Да и опасно заострять эту тему без надобности. Вдруг какой-нибудь чудак наивно спросит: «Ау нас есть концлагеря или нет?» Ему скажут: «Нет!» А если он засомневается, а потом второй, третий… Этого допустить нельзя.
В 1948 году я приобрел вышедшую у нас книгу Жана Лаффита «Живые борются» (М., 1948). Автор — антифашист, видный общественный деятель Франции, в прошлом — один из руководителей подпольного интернационального комитета в Маутхаузене. После прочтения книги осталось горькое чувство: а где же наш брат? Вроде и не было в Маутхаузене русских. Могло быть итак, что автору, активному члену Французской компартии, наши партийные деятели вежливо, но настоятельно, порекомендовали «на всякий случай» поменьше писать о русских.
В годы хрущевской оттепели на книжные рынки многих городов страны начали поступать воспоминания бывших военнопленных и узников фашистских концлагерей. С приходом к власти Брежнева этот поток иссяк.
Сейчас, когда исчезли идеологические барьеры ЦК КПСС, отчетливо просматриваются те места воспоминаний, где авторы вынужденно отходили от правды. Весьма уважаемые люди несколько приукрашивали события, чтобы возвеличить роль партии, а также сознательно изменяли или умалчивали отдельные факты. К сожалению, в то время они иначе писать не могли. Это не их вина, а их беда. И так было со всей литературой о войне. Можно взять любые мемуары прославленных полководцев о войне, и видно, как велика была тяжесть идеологического груза. Мемуары легендарного Жукова не приятно было читать: вокруг него Сталин планомерно уничтожал командный состав армии, а он не имел права даже упомянуть ни об одном из пострадавших друзей, однокашников, однополчан. И так поступали все — ложь возводилась в закон. В этом плане я дождался своего часа: могу писать свободно, не опасаясь высказать личные суждения и оценку событий, а особенно по такому щепетильному вопросу, как плен или концлагерь.
Я поставил перед собой задачу рассказать только то, чему лично был свидетелем, в чем непосредственно участвовал, и не использовать художественный вымысел, чтобы более полно удовлетворить интересы читателей, для которых эта тема граничит с детективом.
Но даже и в таких строгих рамках не все просто.
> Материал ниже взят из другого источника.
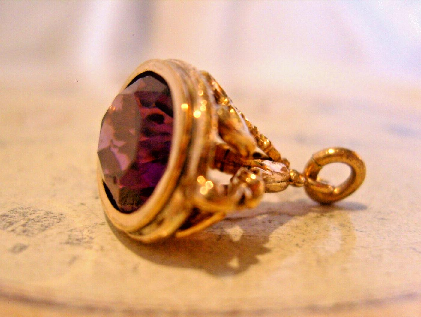 Fob 1910 Art Nouveau 12ct Rose Gold Filled & Amethyst Pocket Watch Chain Fob

В послесловии к повести «Парень из Сальских степей» Игорь Неверли пишет: «И еще одно признание: я показал вам не всю правду лагерей. Показал так только, в общих чертах, чтобы вы имели представление о ней. Не показал не только потому, что не хотел заразить юное воображение, отравить трупным ядом свежесть ясных чувств и глаз. Правда Майданека и Освенцима — это очень трудная правда, и для тех, кто прошел через это, — очень личная правда.
Мне кажется, что отображение этой правды во всей ее сложности станет возможным лишь в произведениях будущих поколений. Она, эта правда, будет подлинной, как смерть, но уже не будет отравлять. И будет прозрачной до дна, пронизанной лучами новой и, будем верить, лучшей жизни» (Роман-газета. 1968. № 1). С такими проникновенными словами трудно не согласиться. Но как только в работах А. И. Солженицина, Т. В. Тигонен и других авторов вспыхнула кровавым светом зловещая правда ГУЛАГа, это высказывание И. Неверли потеряло свою остроту.